There was a jury trial, and a verdict and judgment in favor of the appellee. To reverse that judgment, this appeal is prosecuted.
The statute prohibits the sale of stock by any dealer or corporation unless the person selling said stock has complied with the provisions of the Blue Sky Law. The term "dealer," however, does not include the owner or issuer of such securities or stock who acquired the same for his own account in the usual and ordinary course of business, and not for the direct or indirect promotion of any speculative enterprise within the provisions of the act, provided such ownership is in good faith.
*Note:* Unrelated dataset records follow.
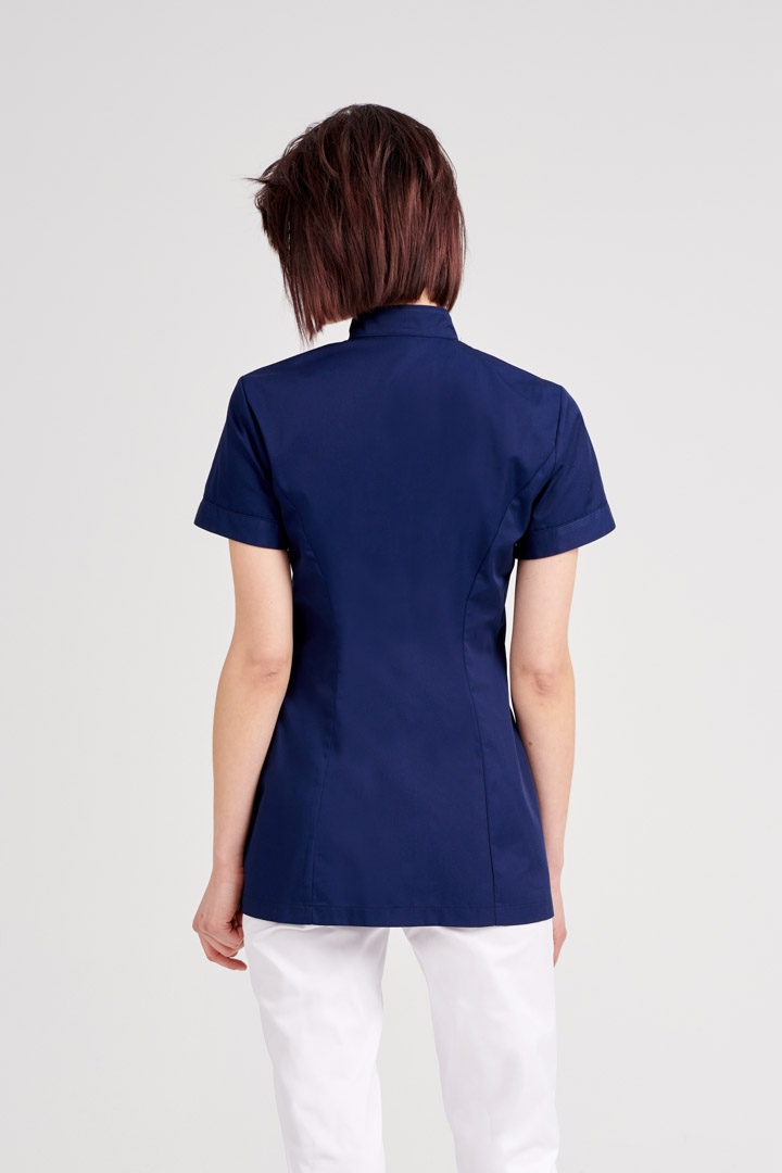 Про товар: Фартух з міцного матеріалу, застібається для знімків. Приталений, приталений крій підкреслює фігуру. Фартух з шортами рукава і комір-стійка. Дві великі кишені, розташовані на передній частині блузи. Класика в сучасне видання.
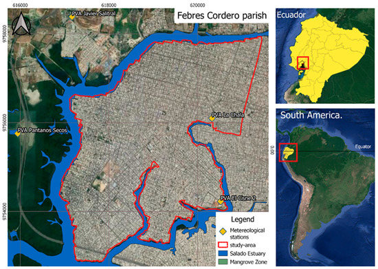 Guayaquil is the second largest city in Ecuador (354.7 km2) and the main economic driver of the country [12]. Due to its low elevation (~5 m a.s.l.) and its location in a low-lying delta surrounded by the Guayas River to the east and the Estero Salado estuary to the southwest, the city is vulnerable to urban flooding. Normally, the rainy season occurs from January to April, producing 80% of the city’s annual precipitation. In addition, events like ENSO (positive and negative phases) have strong effects on stormwater systems [13]. However, areas such as the Febres Cordero (FC) parish in Guayaquil not only receive intense rains, but the tidal influence that blocks outfalls from the stormwater system causes floods. The rapid urbanization, deficient planning, and scarcity of green areas exacerbate flooding problems [14].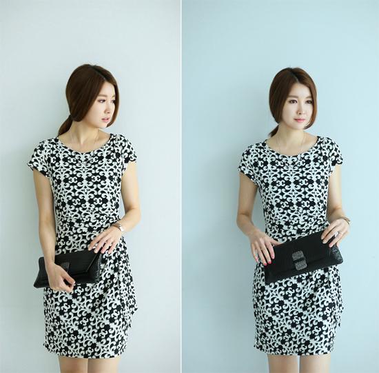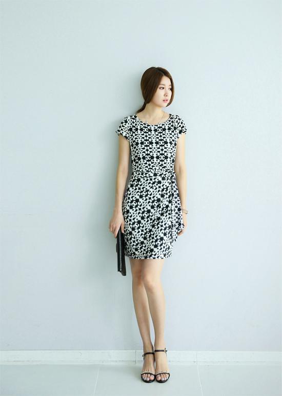 Khi mặc váy liền thân, bạn không nên lựa chọn mẫu thiết kế quá cầu kì và diêm dúa. Với một chiếc váy họa tiết hoa văn trắng đen, bạn nên kết hợp thêm clutch đen "đúng điệu". Đôi xăng đan quai đen thanh mảnh sẽ giúp dáng bạn uyển chuyển hơn. Mặt khác, kiểu tóc đuôi ngựa buộc thấp là item hot giúp gương mặt trông dịu hiền. Mỗi sáng đi làm vội vã, bạn hãy "tậu" ngay style đơn giản nhưng lại mang tính thẩm mỹ cao này.
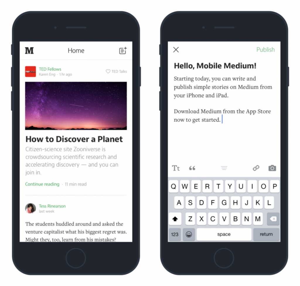 Основная функциональность обновлённого приложения Medium включает в себя редактирование всех атрибутов привычного поста: заголовка, подзаголовков, форматирование цитат и загрузку изображений. Создавать заметки на iPhone и iPad можно будет даже при помощи стандартной для iOS «Диктовки».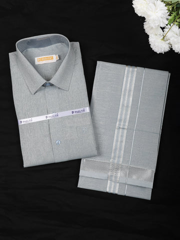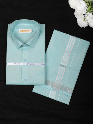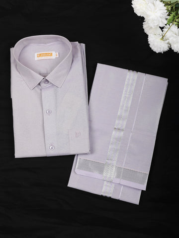 Experience the magic of tradition with Diadem's plain semi-silk full-sleeve shirt and matching dhoti set, the perfect South Indian wedding dress for males.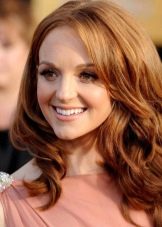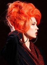 The curls of carrot color will attract a lot of attention. Still - it's a real color bomb. A bright shade will emphasize the extraordinary creative nature of the girl, as well as highlight the natural tone of her skin and green eyes.

It is contended, however, by the appellant that the Blue Sky Laws of the State of Arkansas or the Arkansas Securities Act is not applicable to this case for the reason that H. C. Duke was not a dealer within the purview of the acts. If H. C. Duke owned the stock in good faith, and sold it in the usual course of business, this would not be a violation of the Blue Sky Law, and the note would be valid, or, if Kempner was an innocent purchaser, he would have a right to recover on the note. The question therefore is whether, under the evidence in this case, Duke was the owner in good faith, or whether this *879 was the promotion of a speculative enterprise within the meaning of the law.
T. W. Lewis, who assisted in the sale of the stock, testified that he knew Duke and Chambers, and he knew about H. G. Stephens purchasing 40 shares of the stock in the Specification Motor Oil System. He handled the transaction. Stephens bought the stock and paid $1,000 cash and gave a note for $1,000. The note was made to H. C. Duke. Duke at the same time sold part of his stock to Foster, Moore and Lewis. He asked Chambers over the `phone if Duke was sent to Helena by Chambers to sell stock of the corporation, and that Chambers said he was; that Chambers stated that he handled the notes so that cash could be gotten. Lewis himself bought stock, gave a note, and afterwards paid it to Kempner, who held it at maturity. The stock had no value. Witness did not promote the sale of stock, but did talk to Stephens, and repeated the representations that Duke made to him. From general reports, the company has no financial standing. Witness had tried to sell his stock, but had been unable to do so.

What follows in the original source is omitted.